You can also enumerate the whole table with foreach, but key order is not guaranteed and the key/value entries are LuauValues that may need disposal.

Borrowed table views

LuauTableView shows up in callback APIs such as CreateFunctionBuilder(...) and LuauArgs.TryReadLuauTable(...):

using LuauFunction readValue = lua.CreateFunctionBuilder(static args =>
{
    if (!args.TryReadLuauTable(1, out LuauTableView table, out string? error))
        return LuauReturn.Error(error);

    using LuauTable owned = table.ToOwned();
    return LuauReturn.Ok(owned.GetNumber("value"));
});

LuauTableView does not own a registry reference. It is valid only while the current callback frame is active, so call ToOwned() before storing it or using it after the callback returns.

Lifetime notes

  • GetUtf8String(...) and GetBuffer(...) return managed copies.
  • TryGetUtf8String(..., out ReadOnlySpan<byte>) and TryGetBuffer(..., out ReadOnlySpan<byte>) expose Luau-owned memory.
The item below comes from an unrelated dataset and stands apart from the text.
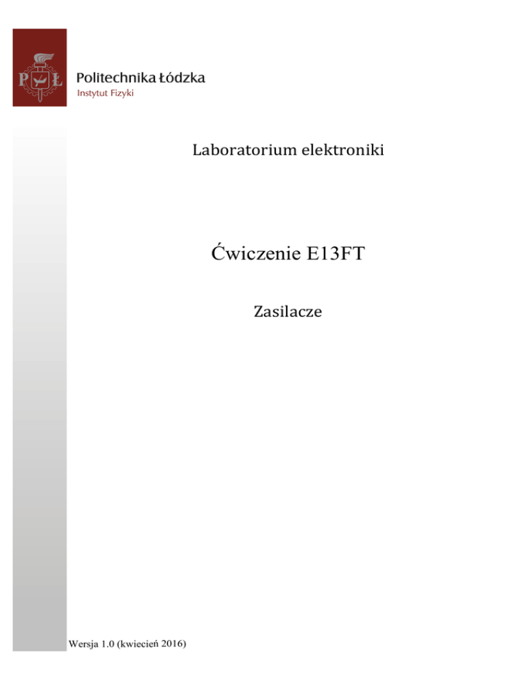 Laboratorium elektroniki Ćwiczenie E13FT Zasilacze Wersja 1.0 (kwiecień 2016) Ćwiczenie E13FT – Zasilacze Spis treści: 1. Cel ćwiczenia........................................................................................................................ 3 2. ZagroŜenia ............................................................................................................................ 3 3. Wprowadzenie ...................................................................................................................... 3 4. Dostępna aparatura ............................................................................................................... 9 4.1. Moduły doświadczalne badanego zasilacza .................................................................... 9 4.2. Multimetry..................................................................................................................... 11 4.3. Oscyloskopy .................................................................................................................. 11 5. Przebieg doświadczenia...................................................................................................... 12 5.1. Część podstawowa ........................................................................................................ 13 5.2. Część rozszerzona ......................................................................................................... 15 6. Wskazówki do raportu........................................................................................................ 15 7. Literatura ............................................................................................................................ 16 7.1. Literatura podstawowa .................................................................................................. 16 7.2. Literatura uzupełniająca ................................................................................................ 16 8. Aneksy ................................................................................................................................ 16 A1. Tabela wartości elementów biernych ............................................................................ 16 -2- Ćwiczenie E13FT – Zasilacze Przed zapoznaniem się z instrukcją i przystąpieniem do wykonywania ćwiczenia naleŜy opanować następujący materiał teoretyczny: 1. Półprzewodnikowe diody prostownicze. [1], [2]. 2. Prostownik jednofazowy półfalowy (jednopołówkowy). [1]. 3. Prostownik jednofazowy całofalowy (dwupołówkowy). [1]. 1. Cel ćwiczenia Celem ćwiczenia jest poznanie zasady działania i właściwości półprzewodnikowych układów prostowniczych. Zakres ćwiczenia obejmuje układ prostownika jednofazowego (jedno- i dwupołówkowego) bez filtrów oraz z dolnoprzepustowymi filtrami wyjściowymi. 2. Zagrożenia Rodzaj zagroŜenie elektryczne zagroŜenie optyczne zagroŜenie mechaniczne (w tym akustyczne, hałas) zagroŜenie polem elektro-magnetycznym (poza widmem optycznym) zagroŜenie biologiczne zagroŜenie radioaktywne (jonizujące) zagroŜenie chemiczne zagroŜenie termiczne (w tym wybuch i poŜar) Brak Małe Średnie DuŜe + + + + + + + + Przewody z wtykami bananowymi są przeznaczone wyłącznie do uŜytku w obwodach niskiego napięcia – nie wolno podłączać ich do gniazda sieci zasilającej 230 V. 3. Wprowadzenie Większość układów elektronicznych, aby właściwie spełniać swoją funkcję, wymaga odpowiedniego zasilania. Nie zawsze moŜna zastosować źródło jakim jest bateria czy teŜ akumulator. Wszędzie tam gdzie jest wymagana większa moc stosuje się zasilacze sieciowe o parametrach wyjściowych dostosowanych do wymagań zasilanego urządzenia. Klasyczny zasilacz sieciowy napięcia stałego składa się z bloku obniŜającego napięcie sieci 230V, czyli po prostu z transformatora oraz z układu zamieniającego obniŜone napięcie przemienne na stałe, czyli układu prostownika z filtrem. Układy prostownicze są podstawowymi podzespołami zasilającymi układy elektroniczne. Jednym z najczęstszych i najprostszych zastosowań diody jest wykorzystanie jej jako prostownika. Prostownik zamienia prąd przemienny na prąd jednokierunkowy. Często o diodach mówi się „prostownik”, mając na myśli takie właśnie zastosowanie. Z analizy statycznej charakterystyki prądowo-napięciowej półprzewodnikowej diody prostowniczej wynika, Ŝe dioda zaczyna przewodzić prąd dopiero po przekroczeniu pewnego napięcia progowego (Ćwiczenie E02: Diody). Wartość tego napięcia zaleŜy od rodzaju półprzewodnika z jakiego zbudowana jest dioda. Dla krzemu przyjmuje ono wartość ∼0,7V. Diody prostownicze są najczęściej diodami krzemowymi. Cechuje je duŜe nachylenie -3- Ćwiczenie E13FT – Zasilacze charakterystyki prądowo-napięciowej powyŜej napięcia progowego oraz znaczna dopuszczalna temperatura pracy złącza krzemowego osiągająca wartość ∼150°C. Najprostszym układem prostowniczym jest układ, którego schemat przedstawiono na rys. 1. Ug jest źródłem napięcia przemiennego (przebieg zielony), a RL jest rezystancją reprezentującą obciąŜenie prostownika. Ug moŜe być napięciem zmiennym (takim jak na przykład w sieci energetycznej 230V / 50Hz), które jest obniŜane na transformatorze sieciowym i podawane na diodę D. Tak więc dla wejściowego napięcia sinusoidalnego o amplitudzie zdecydowanie większej od napięcia przewodzenia diody (∼0,7V) przebieg napięcia na obciąŜeniu UL wygląda tak jak na rys. 1 (przebieg czerwony). Napięcie UL ≠ 0 występuje więc jedynie przez połowę okresu sinusoidalnego napięcia wejściowego Ug. Jak widać przez diodę przedostają się tylko dodatnie połówki sinusoidy (oczywiście wtedy gdy Ug>0,7V), gdyŜ wówczas dioda jest spolaryzowana w kierunku przewodzenia. MoŜna więc powiedzieć, Ŝe jest to prostownik jednopołówkowy. Rys. 1. Schemat układu
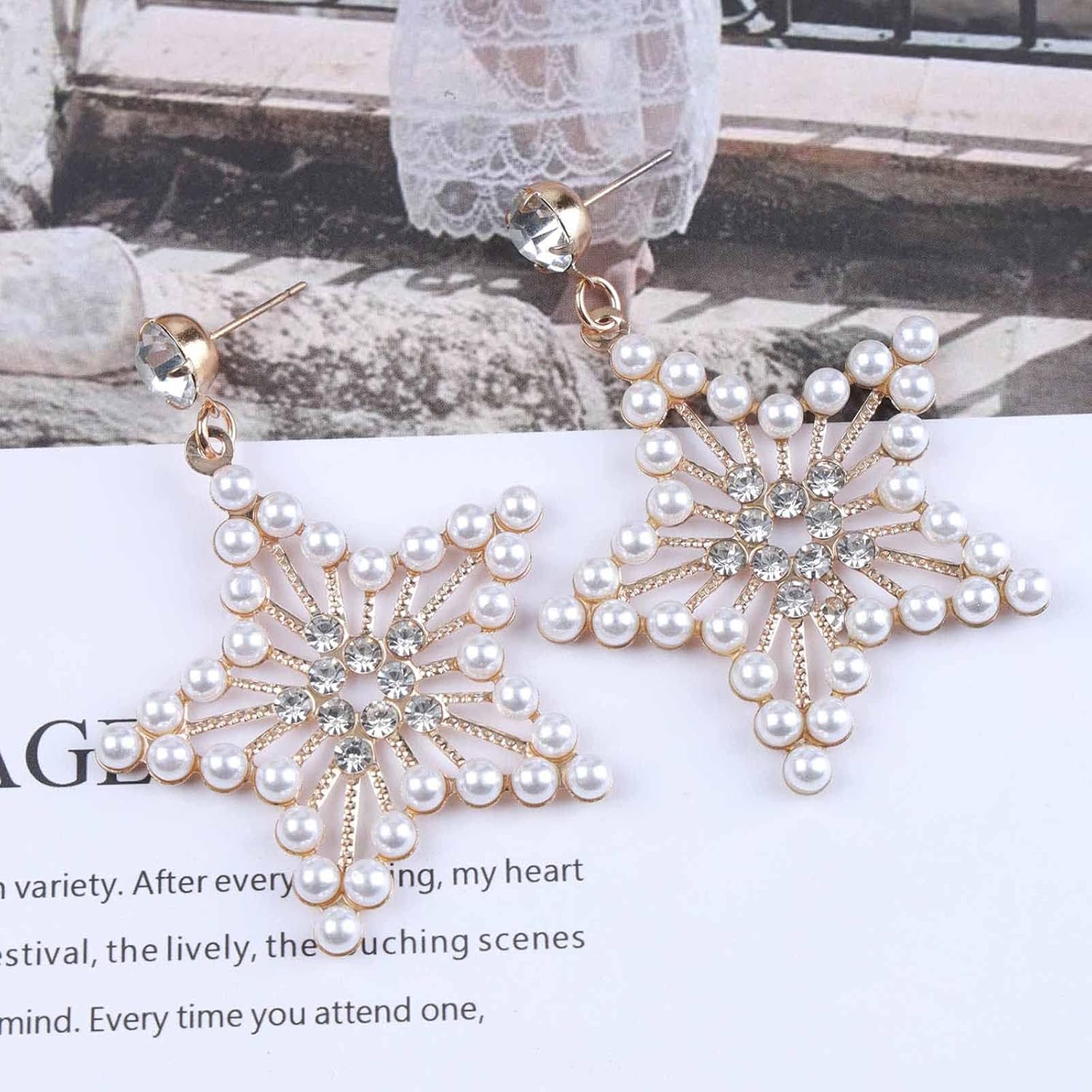 - Rhinestone Star Statement Earrings are made of superior alloy,crystal and artificial pearl,sturdy and durable,nice plating makes them bright and not easy to fade.

Consume it immediately and copy it if you need a longer lifetime.
  • Owned wrappers returned by GetLuau* need disposal.
  • LuauTableView follows the same callback-scoped lifetime rules as the other *View types.

Guidance

Use tables for script-facing configuration and state, but keep your higher-level managed API more structured than your raw Luau table layout. That usually gives you better validation, versioning, and error messages.